How can we combine the usability of imperative execution with the optimized performance of symbolic execution?

In a paper appeared at NeurIPS 2021, we proposed Terra, an imperative-symbolic co-execution system that fully achieves the advantages of each execution model. In this blog, we will first give an overview of previous works that convert an imperative program to a symbolic graph entirely. Addressing the limitations of prior approaches, we will then describe how we harmonize two execution models in runtime.

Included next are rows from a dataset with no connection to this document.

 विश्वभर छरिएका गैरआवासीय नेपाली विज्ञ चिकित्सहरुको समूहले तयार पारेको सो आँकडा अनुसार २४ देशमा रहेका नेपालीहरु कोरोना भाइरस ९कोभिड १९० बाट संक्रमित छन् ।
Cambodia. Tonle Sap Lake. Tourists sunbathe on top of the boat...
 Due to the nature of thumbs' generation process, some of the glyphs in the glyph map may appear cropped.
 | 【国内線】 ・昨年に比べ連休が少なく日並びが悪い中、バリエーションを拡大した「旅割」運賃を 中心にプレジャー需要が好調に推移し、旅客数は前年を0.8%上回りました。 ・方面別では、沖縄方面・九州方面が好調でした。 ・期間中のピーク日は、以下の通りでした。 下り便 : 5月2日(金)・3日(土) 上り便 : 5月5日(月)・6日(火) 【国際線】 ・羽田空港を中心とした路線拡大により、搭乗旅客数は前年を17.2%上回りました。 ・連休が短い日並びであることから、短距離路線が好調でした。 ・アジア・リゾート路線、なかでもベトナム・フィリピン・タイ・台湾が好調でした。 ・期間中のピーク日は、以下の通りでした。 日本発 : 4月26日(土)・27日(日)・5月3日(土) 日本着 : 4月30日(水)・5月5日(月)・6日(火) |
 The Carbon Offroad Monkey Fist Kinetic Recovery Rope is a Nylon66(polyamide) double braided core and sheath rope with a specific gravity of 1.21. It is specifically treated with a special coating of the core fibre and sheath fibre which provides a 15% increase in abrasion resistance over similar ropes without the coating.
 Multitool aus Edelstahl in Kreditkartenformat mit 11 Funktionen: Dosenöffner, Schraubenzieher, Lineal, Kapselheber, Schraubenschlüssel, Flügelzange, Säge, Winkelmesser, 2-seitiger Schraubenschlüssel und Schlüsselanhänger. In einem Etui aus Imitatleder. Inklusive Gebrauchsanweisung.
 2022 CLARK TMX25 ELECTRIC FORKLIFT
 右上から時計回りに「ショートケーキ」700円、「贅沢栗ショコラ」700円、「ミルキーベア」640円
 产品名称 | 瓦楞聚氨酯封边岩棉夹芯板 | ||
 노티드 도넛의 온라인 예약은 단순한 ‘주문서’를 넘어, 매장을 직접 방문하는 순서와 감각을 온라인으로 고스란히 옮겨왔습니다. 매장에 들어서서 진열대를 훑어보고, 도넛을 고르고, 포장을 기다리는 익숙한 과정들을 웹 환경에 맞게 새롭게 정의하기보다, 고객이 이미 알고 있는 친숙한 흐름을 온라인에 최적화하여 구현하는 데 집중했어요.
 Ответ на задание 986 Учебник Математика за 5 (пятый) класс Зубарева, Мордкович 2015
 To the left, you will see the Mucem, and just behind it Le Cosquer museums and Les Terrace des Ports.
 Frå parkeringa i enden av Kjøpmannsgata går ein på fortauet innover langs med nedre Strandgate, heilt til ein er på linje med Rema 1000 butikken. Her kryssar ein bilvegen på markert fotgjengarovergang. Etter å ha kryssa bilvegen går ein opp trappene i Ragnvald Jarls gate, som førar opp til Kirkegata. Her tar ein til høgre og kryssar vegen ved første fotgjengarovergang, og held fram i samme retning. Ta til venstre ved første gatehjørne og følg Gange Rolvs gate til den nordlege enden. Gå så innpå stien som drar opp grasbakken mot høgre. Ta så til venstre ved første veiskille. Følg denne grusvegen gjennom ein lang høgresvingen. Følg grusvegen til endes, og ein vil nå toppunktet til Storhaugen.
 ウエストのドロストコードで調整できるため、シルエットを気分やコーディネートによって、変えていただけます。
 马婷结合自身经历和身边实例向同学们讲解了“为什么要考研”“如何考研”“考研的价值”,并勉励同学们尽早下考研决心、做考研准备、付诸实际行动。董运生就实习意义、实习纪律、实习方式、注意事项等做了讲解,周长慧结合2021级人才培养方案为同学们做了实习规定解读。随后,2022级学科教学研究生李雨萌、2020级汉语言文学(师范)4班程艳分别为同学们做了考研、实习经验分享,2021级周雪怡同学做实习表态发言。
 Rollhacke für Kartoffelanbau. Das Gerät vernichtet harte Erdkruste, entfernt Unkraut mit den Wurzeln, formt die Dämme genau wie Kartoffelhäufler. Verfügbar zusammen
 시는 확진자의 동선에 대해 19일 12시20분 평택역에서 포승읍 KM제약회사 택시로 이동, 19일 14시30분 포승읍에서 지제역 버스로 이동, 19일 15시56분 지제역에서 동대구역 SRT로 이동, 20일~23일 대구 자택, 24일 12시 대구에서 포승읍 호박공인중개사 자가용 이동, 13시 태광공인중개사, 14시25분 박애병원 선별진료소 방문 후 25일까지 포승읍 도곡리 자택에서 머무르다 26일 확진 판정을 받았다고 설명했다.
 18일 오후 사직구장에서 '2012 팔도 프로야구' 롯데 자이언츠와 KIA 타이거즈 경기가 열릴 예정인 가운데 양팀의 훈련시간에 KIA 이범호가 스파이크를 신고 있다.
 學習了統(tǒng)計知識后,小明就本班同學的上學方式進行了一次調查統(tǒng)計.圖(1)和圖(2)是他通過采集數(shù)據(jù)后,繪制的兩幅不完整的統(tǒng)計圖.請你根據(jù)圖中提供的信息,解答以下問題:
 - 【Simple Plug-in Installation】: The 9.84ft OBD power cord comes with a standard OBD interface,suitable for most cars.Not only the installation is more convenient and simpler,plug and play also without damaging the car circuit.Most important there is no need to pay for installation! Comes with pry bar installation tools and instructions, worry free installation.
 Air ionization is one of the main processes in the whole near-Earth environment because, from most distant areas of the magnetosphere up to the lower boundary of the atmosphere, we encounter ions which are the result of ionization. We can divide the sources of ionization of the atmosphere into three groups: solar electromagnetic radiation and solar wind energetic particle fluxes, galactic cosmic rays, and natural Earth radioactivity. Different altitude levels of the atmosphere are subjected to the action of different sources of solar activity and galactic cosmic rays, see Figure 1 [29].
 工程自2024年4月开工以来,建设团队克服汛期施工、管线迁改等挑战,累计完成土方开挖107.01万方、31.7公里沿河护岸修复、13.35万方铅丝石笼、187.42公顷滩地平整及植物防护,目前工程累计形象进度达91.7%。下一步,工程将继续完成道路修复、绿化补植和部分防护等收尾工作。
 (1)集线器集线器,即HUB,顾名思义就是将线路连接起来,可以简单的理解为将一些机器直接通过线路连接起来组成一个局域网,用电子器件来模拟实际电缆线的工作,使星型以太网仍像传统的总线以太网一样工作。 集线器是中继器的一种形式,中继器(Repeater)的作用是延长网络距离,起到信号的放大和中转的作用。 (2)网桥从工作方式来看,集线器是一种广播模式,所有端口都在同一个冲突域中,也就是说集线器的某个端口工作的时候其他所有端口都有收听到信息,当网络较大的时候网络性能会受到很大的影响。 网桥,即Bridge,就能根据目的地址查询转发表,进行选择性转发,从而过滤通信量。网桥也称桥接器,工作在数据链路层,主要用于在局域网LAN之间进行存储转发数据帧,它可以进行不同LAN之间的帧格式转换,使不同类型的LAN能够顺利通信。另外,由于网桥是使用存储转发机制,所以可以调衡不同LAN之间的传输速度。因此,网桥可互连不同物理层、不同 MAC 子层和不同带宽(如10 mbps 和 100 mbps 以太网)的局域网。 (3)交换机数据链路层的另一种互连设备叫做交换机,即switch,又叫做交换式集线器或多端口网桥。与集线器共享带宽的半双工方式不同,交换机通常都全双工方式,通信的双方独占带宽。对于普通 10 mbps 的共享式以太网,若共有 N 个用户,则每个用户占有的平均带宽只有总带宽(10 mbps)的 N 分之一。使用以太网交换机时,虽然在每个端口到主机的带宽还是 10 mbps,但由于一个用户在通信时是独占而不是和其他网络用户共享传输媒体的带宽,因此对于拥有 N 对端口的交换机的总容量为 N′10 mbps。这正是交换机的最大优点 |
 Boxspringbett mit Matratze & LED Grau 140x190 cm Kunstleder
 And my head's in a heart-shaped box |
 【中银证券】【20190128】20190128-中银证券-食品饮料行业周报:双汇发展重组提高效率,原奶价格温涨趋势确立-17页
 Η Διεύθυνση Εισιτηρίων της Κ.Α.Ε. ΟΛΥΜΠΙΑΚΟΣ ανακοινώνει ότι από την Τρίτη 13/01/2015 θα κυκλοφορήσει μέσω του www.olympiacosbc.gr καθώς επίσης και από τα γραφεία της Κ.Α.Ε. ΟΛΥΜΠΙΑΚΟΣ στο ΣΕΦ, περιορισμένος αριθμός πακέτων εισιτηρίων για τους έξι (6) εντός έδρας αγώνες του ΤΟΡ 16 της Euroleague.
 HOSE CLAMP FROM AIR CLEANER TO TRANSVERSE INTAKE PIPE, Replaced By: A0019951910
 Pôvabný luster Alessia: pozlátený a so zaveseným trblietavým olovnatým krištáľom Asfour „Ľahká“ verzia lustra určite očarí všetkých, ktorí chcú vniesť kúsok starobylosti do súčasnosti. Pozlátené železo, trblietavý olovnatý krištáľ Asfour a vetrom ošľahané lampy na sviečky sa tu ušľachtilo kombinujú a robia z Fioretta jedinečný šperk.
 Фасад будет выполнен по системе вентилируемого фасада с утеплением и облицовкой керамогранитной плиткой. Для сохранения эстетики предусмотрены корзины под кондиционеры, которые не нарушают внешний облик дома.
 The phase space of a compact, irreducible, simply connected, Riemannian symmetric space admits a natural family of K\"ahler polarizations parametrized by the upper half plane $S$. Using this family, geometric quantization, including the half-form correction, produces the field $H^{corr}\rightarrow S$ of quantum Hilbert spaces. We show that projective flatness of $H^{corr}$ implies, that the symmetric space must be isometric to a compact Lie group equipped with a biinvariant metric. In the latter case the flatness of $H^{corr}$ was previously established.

Prior Works: Imperative Program to Symbolic Graph

Previous works attempt to convert an entire imperative DL program into a symbolic graph and exploit symbolic execution with the converted graph. Here we illustrate the process using the same sample code. The Python Interpreter converts the forward function into a symbolic graph and compiles the generated graph. Then a separate graph executor executes the graph, which ultimately speeds up a DL program compared to normal imperative execution.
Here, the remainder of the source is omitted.